To use model response generation or LLM-based automatic evaluation, you must first register a model or agent. Registration is done in Management → Model Management.

  • To use Query·Response auto-generation or LLM Judge-based evaluation, you need at least 1 Judge model (API key).
  • If you already have a Dataset generated with a target model, you can start evaluation by registering just one Judge model.

👉 More details: /tutorials/settings/model-management


1. Prepare Dataset

Evaluation starts with data. Datasets can be prepared in two ways:

AI Generation (Dataset Page)

If you want to create a new evaluation dataset from scratch, you can generate it step by step after uploading reference documents on the Context Dataset page.

  • It's okay if Query or Response is empty. You can auto-generate with a model in later steps.
  • When generating Queries, you can adjust custom parameters to specify the model's role, style, and behavior. (Example: "Respond as a customer support assistant helping with branch visit consultations.")

Generation Flow

  1. Access the Context page and upload a local file (.csv, .XLSX) with reference documents as the generation basis (Example: Query generation → select context set, Response generation → select query set)
  2. Select query generation model
  3. Save Dataset

👉 More details: /core-concepts/datumo-concepts/dataset


2. Create Evaluation Task

Click New Task to create a new Evaluation Task. It's recommended to manage each Task as a single evaluation unit (e.g., measuring specific model quality, comparing two models, etc.).

  • In a Task, you can manage results from multiple Response Sets through Evaluation Sets.
  • Datasets containing the target model's Output (Response) can be found in Dataset-Response.

👉 Task creation guide: /tutorials/evaluation/judgment-eval/eval-task/create-task


3. Run Evaluation (Evaluate)

Once Dataset and Task are ready, execute the evaluation in earnest. It's ideal to use automatic and manual evaluation together.

  1. Automatic Evaluation (LLM/Algorithm-based): To evaluate multiple results at once, select multiple Response Sets (model/service Outputs) and evaluation criteria (Metrics) in "Evaluation Task" and start the evaluation.

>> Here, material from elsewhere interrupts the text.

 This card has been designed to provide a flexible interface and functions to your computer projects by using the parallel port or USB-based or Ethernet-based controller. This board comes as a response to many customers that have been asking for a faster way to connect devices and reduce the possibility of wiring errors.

Choose from pre-provided Metrics or create custom Metrics.

    • Select metrics to use in Metrics. (Example: Bias, illegal, Response Relevancy, etc.)
    • BEIR+judgment-Leaderboard is activated when gold_context and retrieved_context are present.
    • Once Task creation is complete, batch evaluation proceeds for all selected items.
  2. Manual Evaluation (Human Evaluation)

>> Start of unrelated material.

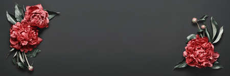 Beautiful red peonies frame on black banner. Dark Spring or summer floral background. Festive flowers concept

    • In Manual Evaluation or Interactive Evaluation, humans directly assign scores.
    • More sophisticated analysis is possible when referenced together with automatic evaluation results.

👉 Metrics configuration guide: /tutorials/settings/metric-management 👉 Run automatic evaluation: /tutorials/evaluation/judgment-eval/eval-task/eval-results 👉 Run manual evaluation: /tutorials/evaluation/human-eval/


4. Interpret Results (Results)

After evaluation, you can check results in Dashboard / Task Metrics.

  • Model/Prompt comparison: Identify performance differences through average scores, distribution, deviation
  • TableView: Check query-specific scores and responses to quickly identify problem cases

Export results to Export for use in reports or shared documents as needed.

👉 Explore results: /tutorials/evaluation/judgment-eval/eval-task/eval-results


5. Next Steps (Optional)

You can proceed with additional analysis through various evaluations.


Frequently Asked Questions (FAQ)

Q1. Reference-based metrics are disabled. Why? A. Check if you included reference answers like Expected Response in your dataset. The metric is activated only when a reference exists.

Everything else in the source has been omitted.